A resposta curta e sem rodeios de Calista indicava que a conversa tinha chegado ao fim. Ophelia prendeu os lábios por uns segundos, antes de soltá-los com um suspiro.

— Okay, então. Vou precisar desligar. Vou ter que revisar algumas provas… Até breve, Callie.

O dedo foi rapidamente para o botão vermelho, encerrando aquela ligação. Agora Cícero havia entrado na sala também, os dois gatos sentados no meio do tapete, encarando Ophelia com curiosidade.

— Não foi tão ruim quanto pensei que seria, para ser sincera — comentou com eles, meneando a cabeça de um lado para o outro. — Vai ver ela ficou com medo de jogar praga para uma mulher com diagnóstico de câncer.

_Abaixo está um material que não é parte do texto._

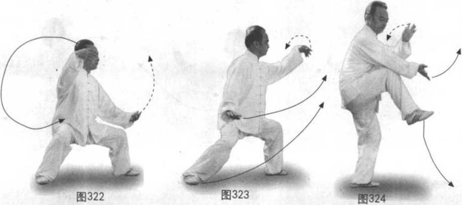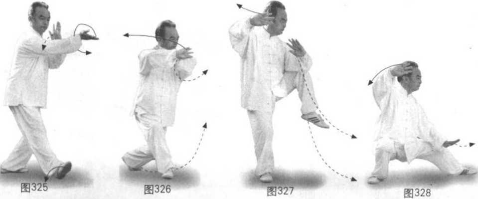 动作三:身继续向右转螺旋下沉,重心在右后。右腿顺缠外转,膝里 扣,脚掌踏实;左腿逆缠提起脚尖上翘(先肘膝,两膝合)里转向左前迈步 以脚跟里侧贴地蹬出。同时右手逆缠向右外略上展开,位在右眼右前略上 方,臂半圆,后翻腕,掌心向前上,指尖向左前偏上;左手由右肘弯里侧逆 缠向左前下沉,位在左膝里侧下,掌心向左下,指尖向前。眼先看右手再看 前,耳听身后。(图327、328)

Encolheu os ombros, levando tudo na esportiva, como se toda a situação não fosse realmente séria. Abriu novamente os contatos do mensageiro eletrônico, deslizando até chegar no nome de Adonis.

— Muito bem, então. Segunda parte.

Aristóteles miou mais alto, como se desejasse boa sorte a sua dona. Ophelia podia apostar que iria precisar mesmo dela.

ADONIS

Para alguém como Adonis, era difícil ser aberto com outras pessoas. Hollywood esperava ansiosa para dizer o que de tão ruim e pecaminoso o novo prodígio da indústria tinha a ser revelado. Porque o número de mulheres com que se relacionavam não era um problema de verdade quando se era um homem. Então, quando uma certa música pop do início dos anos 2000 disse que “todo mundo quer um pedaço de mim”, podia ser muito bem o verso que definia Adonis Park.

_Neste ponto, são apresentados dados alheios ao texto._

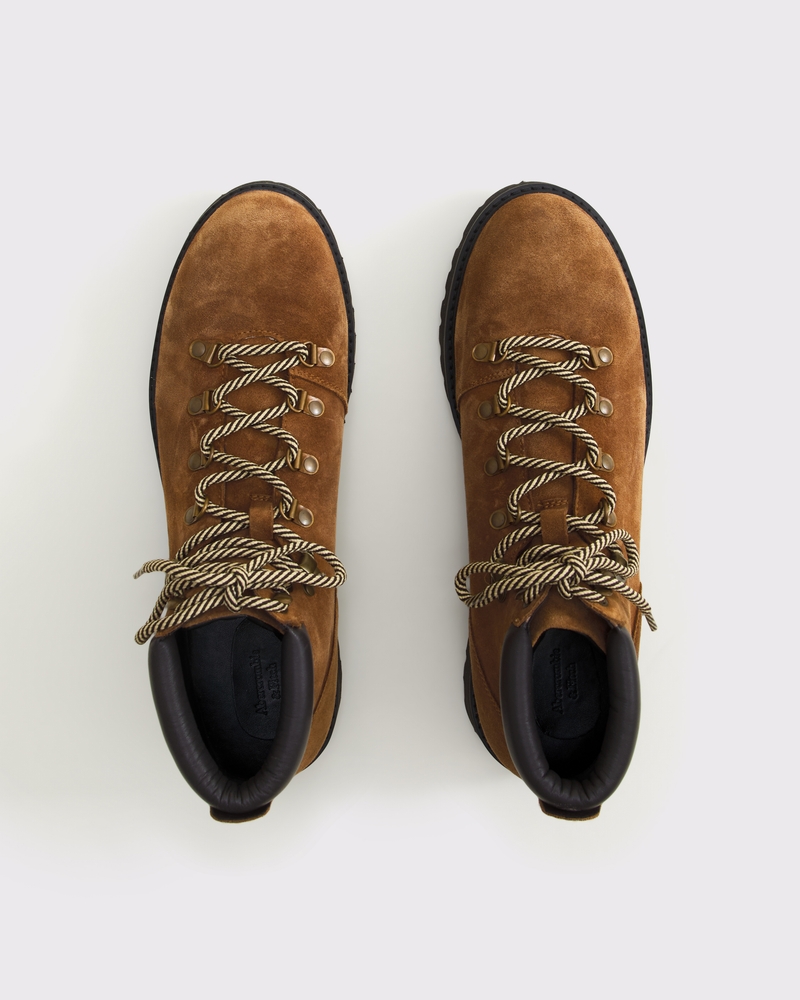 High top hiker boots featuring an elevated design, brown suede finish, rubber lug sole and contrast laces. Imported.

Não que no fundo ele não se sentisse bem em ser essa sensação toda.

De todos os irmãos, ele era o que sentia que não teria muito espaço para se destacar do modo convencional em casa. Filho de dois professores da Universidade de Illinois, com suas irmãs mais velhas sendo Ophelia, a gênio das ciências sociais, capaz de citar Nietzsche ainda no seu último ano de middle school, e Calista, a garota com mil troféus por seus sucessos em matemática e clubes para jovens investidores, a pressão que recaiu em seus ombros por ser aquele que sempre ficava para a recuperação do final de semestre o aterrorizou por anos. Era a bola curva daqueles genes dotados de conhecimento acadêmico; ou ao menos seria, se não tivesse se descoberto desde cedo no mundo das artes.

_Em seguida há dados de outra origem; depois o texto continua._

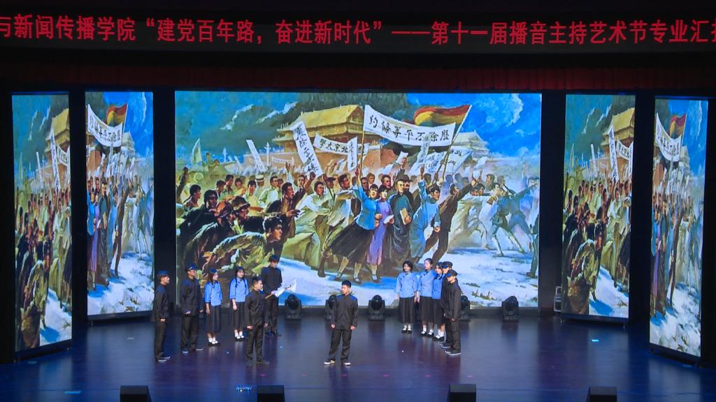汇报演出是持续深化党史学习教育,强化青年思想政治引领,培养广大青年爱党、爱国、爱社会主义的情感, 真正将立德树人落到实处,紧密结合专业特点开展的教学活动,是播音与主持专业人才培养质量的检验。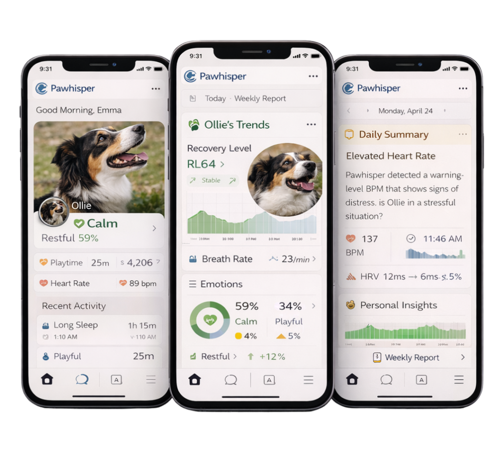 Pawhisper collars are designed as a tiered ecosystem from everyday emotional awareness to clinical-grade canine health intelligence.

Pintava, desenhava, cantava e ainda atuava. O teatro da escola sempre o tinha em alta conta e foi o protagonista de diversas produções de baixo orçamento enquanto ainda era um adolescente cheio de hormônios e espinhas, porém mesmo sendo aquele esteriótipo da criança das artes, fazia daquilo sua imagem de cool. Não era o rejeitado ou o que sofria bullying e conseguia ser popular entre os garotos da sua idade. Com essa massageada de ego, veio a ideia de se jogar de vez no mundinho da atuação, escolhendo ficar por trás das câmeras por causa do controle e poder que isso envolvia. Não iria sair por baixo, não agora que tinha encontrado uma forma de sua mãe o tratar como seu favorito e as garotas deixarem constantemente notinhas em seu armário o chamando para sair.

Então, dizer que ele tinha escolhido e abraçado aquela decisão de não ter privacidade era tecnicamente correto. Adonis tinha curtas escapadas para ser ele mesmo e as fazia sempre que não tinha olhares curiosos sobre si, para não matar a magia que veio construindo com o tempo. O que não significava que não causava alguma empatia a forma como suas mãos agarravam a tampa da mesa de vidro até as juntas doerem, os olhos vermelhos pelo esforço que fazia para não começar a chorar.

— Ophelia — sua voz estava embargada demais para continuar e sabia que a sua irmã estava o avisando porque era o certo a se fazer e que ele cair no choro ao receber a notícia era a última coisa que ela deveria ter que lidar. Mas era tão difícil quando se sentia revendo um filme antigo do qual não tinha gostado do final. — Ophelia, eu sinto muito.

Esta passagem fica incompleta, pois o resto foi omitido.